[Given records Boundary: Start]

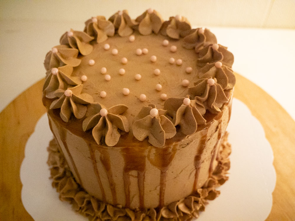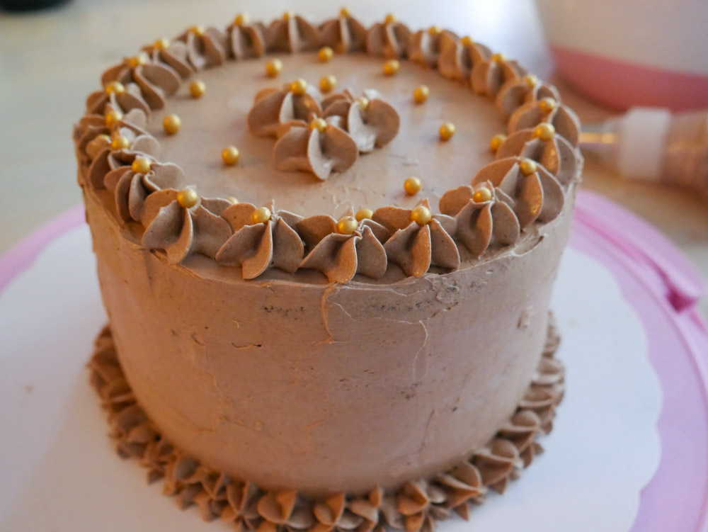 Koristele kakku tekemällä pursotuksia jäljelle jääneellä kreemillä. Lisää muita koristeita mielesi mukaan.
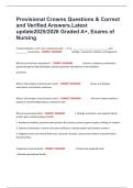 Provisional Crowns Questions & Correct and Verified Answers.Latest update2025/2026 Graded A+, Exams of Nursing
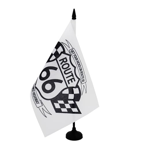 AZ FLAG - Vägbordsflagga 66 svart och vit 21 x 14 cm - liten flagga av vägen 66 i USA 100% polyester med 25 cm skaft och svart plastbas
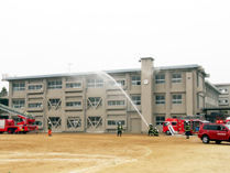 <放水訓練は、とても迫力がありました。屋上にまで届く水の勢いに、圧倒されました。>
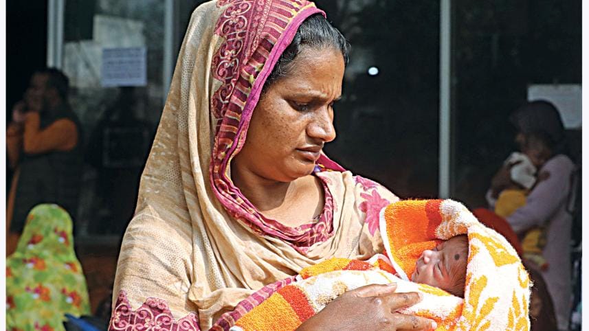 A woman sunbathing her seven-day old nephew, who was admitted to Dhaka Shishu Hospital with a cold, after having his echocardiogram done yesterday. The child, born on December 31, was admitted to a Shariatpur clinic the very next day with a cold and then referred to the hospital in the capital. According to doctors, around 40 new patients are admitted every day, 60 percent of them with cold-related issues. PHOTO: PRABIR DAS

[Given records Boundary: End]

> **The task**
Pictures stay out of the copy, while everything else in the records above goes in exactly as written.

> **Task response**
 Koristele kakku tekemällä pursotuksia jäljelle jääneellä kreemillä. Lisää muita koristeita mielesi mukaan.
 Provisional Crowns Questions & Correct and Verified Answers.Latest update2025/2026 Graded A+, Exams of Nursing
 AZ FLAG - Vägbordsflagga 66 svart och vit 21 x 14 cm - liten flagga av vägen 66 i USA 100% polyester med 25 cm skaft och svart plastbas
 <放水訓練は、とても迫力がありました。屋上にまで届く水の勢いに、圧倒されました。>
 A woman sunbathing her seven-day old nephew, who was admitted to Dhaka Shishu Hospital with a cold, after having his echocardiogram done yesterday. The child, born on December 31, was admitted to a Shariatpur clinic the very next day with a cold and then referred to the hospital in the capital. According to doctors, around 40 new patients are admitted every day, 60 percent of them with cold-related issues. PHOTO: PRABIR DAS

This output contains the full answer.